Thiazide diuretics can precipitate new onset hyponatraemia and hypochloroaemic alkalosis or exacerbate pre-existing hyponatraemia. Hyponatraemia, accompanied by neurological symptoms (nausea, progressive disorientation, apathy) has been observed. Treatment with hydrochlorothiazide should only be started after correction of pre-existing hyponatraemia. In case severe or rapid hyponatraemia develops during Copalia HCT therapy, the treatment should be discontinued until normalisation of natraemia.

All patients receiving thiazide diuretics should be periodically monitored for imbalances in electrolytes, particularly potassium, sodium and magnesium.

Renal impairment

Thiazide diuretics may precipitate azotaemia in patients with chronic kidney disease. When Copalia HCT is used in patients with renal impairment periodic monitoring of serum electrolytes (including potassium), creatinine and uric acid serum levels is recommended. Copalia HCT is contraindicated in patients with severe renal impairment, anuria or undergoing dialysis (see section 4.3).
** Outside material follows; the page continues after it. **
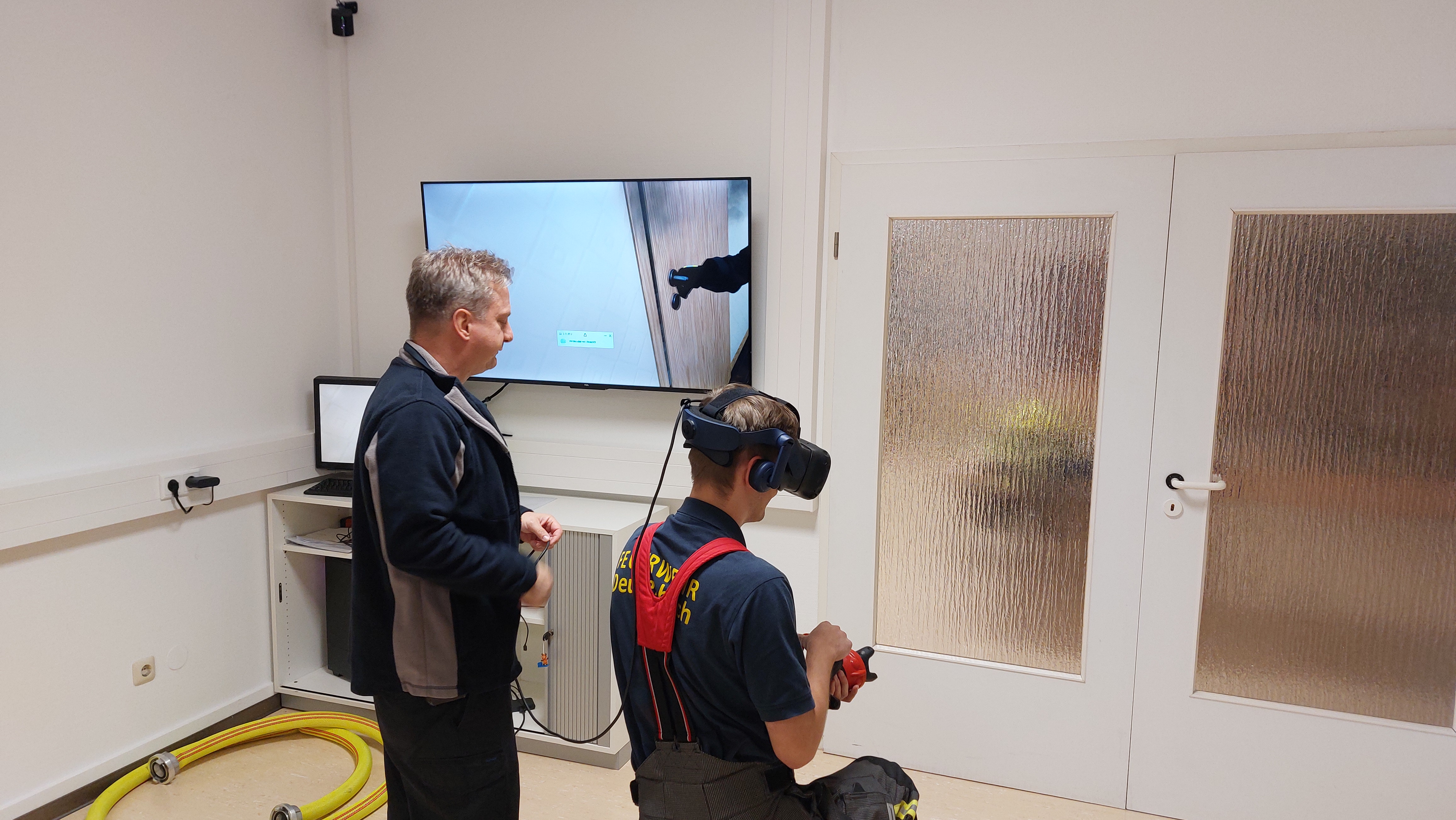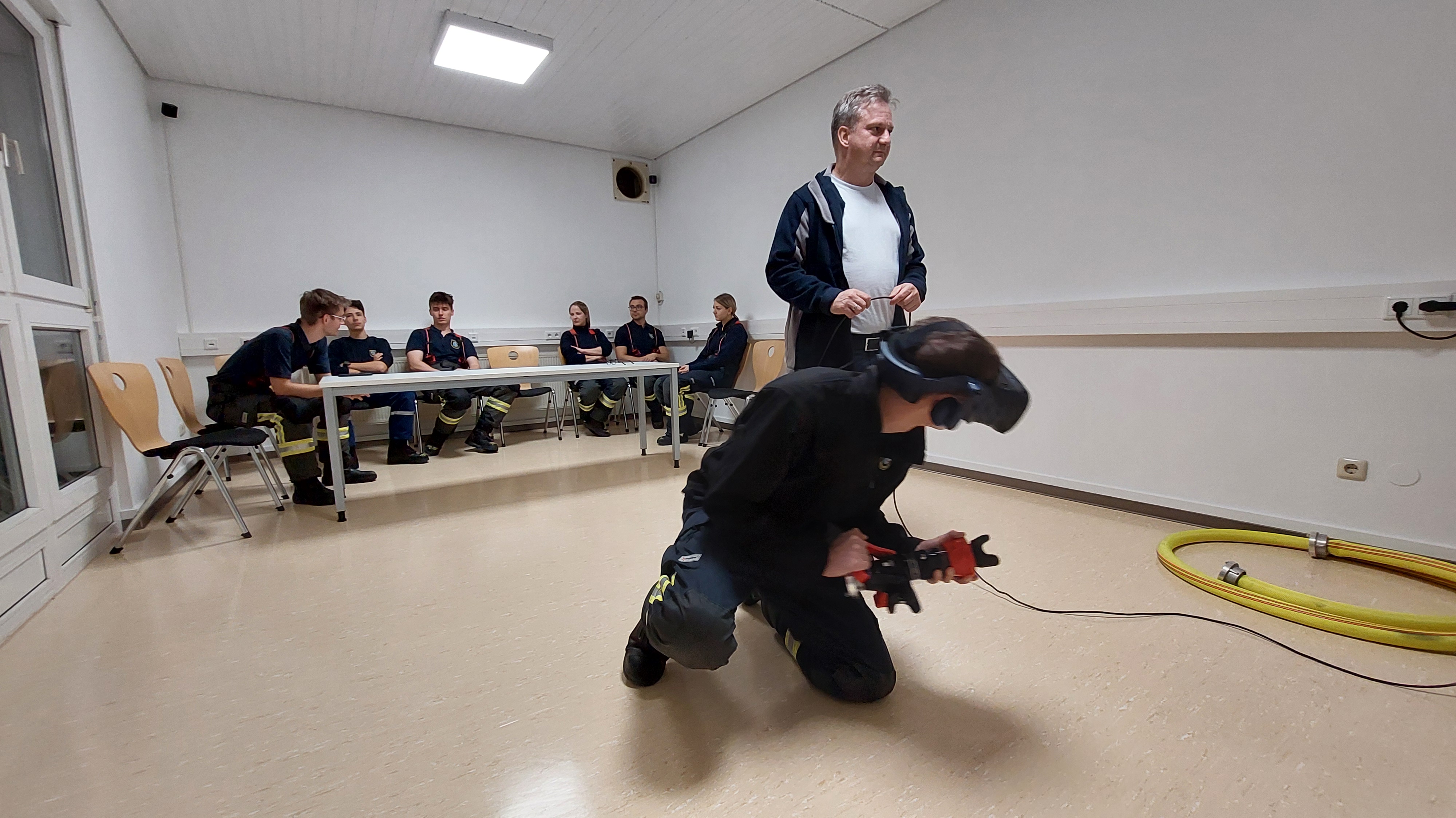 Direkt im Anschluss ging es für einige aktive und angehende/ potentielle Atemschutzgeräteträger zum Feuerwehrausbildungszentrum der Kreisbrandinspektion Landkreis Fürth. Dort übten sie nach einer kurzen Einweisung durch KBM Frank Stegmann mit dem virtuellen Strahlrohrtrainer.

No dose adjustment of Copalia HCT is required for patients with mild to moderate renal impairment (GFR ≥30 ml/min/1.73 m²).

Renal artery stenosis

Copalia HCT should be used with caution to treat hypertension in patients with unilateral or bilateral renal artery stenosis or stenosis to a solitary kidney since blood urea and serum creatinine may increase in such patients.

Kidney transplantation

To date there is no experience of the safe use of Copalia HCT in patients who have had a recent kidney transplantation.

Hepatic impairment

Valsartan is mostly eliminated unchanged via the bile. The half-life of amlodipine is prolonged and AUC values are higher in patients with impaired liver function; dose recommendations have not been established. In patients with mild to moderate hepatic impairment without cholestasis, the maximum recommended dose is 80 mg valsartan, and therefore, Copalia HCT is not suitable in this group of patients (see sections 4.2, 4.3 and 5.2).

Angioedema

Angioedema, including swelling of the larynx and glottis, causing airway obstruction and/or swelling of the face, lips, pharynx, and/or tongue, has been reported in patients treated with valsartan. Some of these patients previously experienced angioedema with other medicinal products including ACE inhibitors. Copalia HCT should be discontinued immediately in patients who develop angioedema and should not be re-administered.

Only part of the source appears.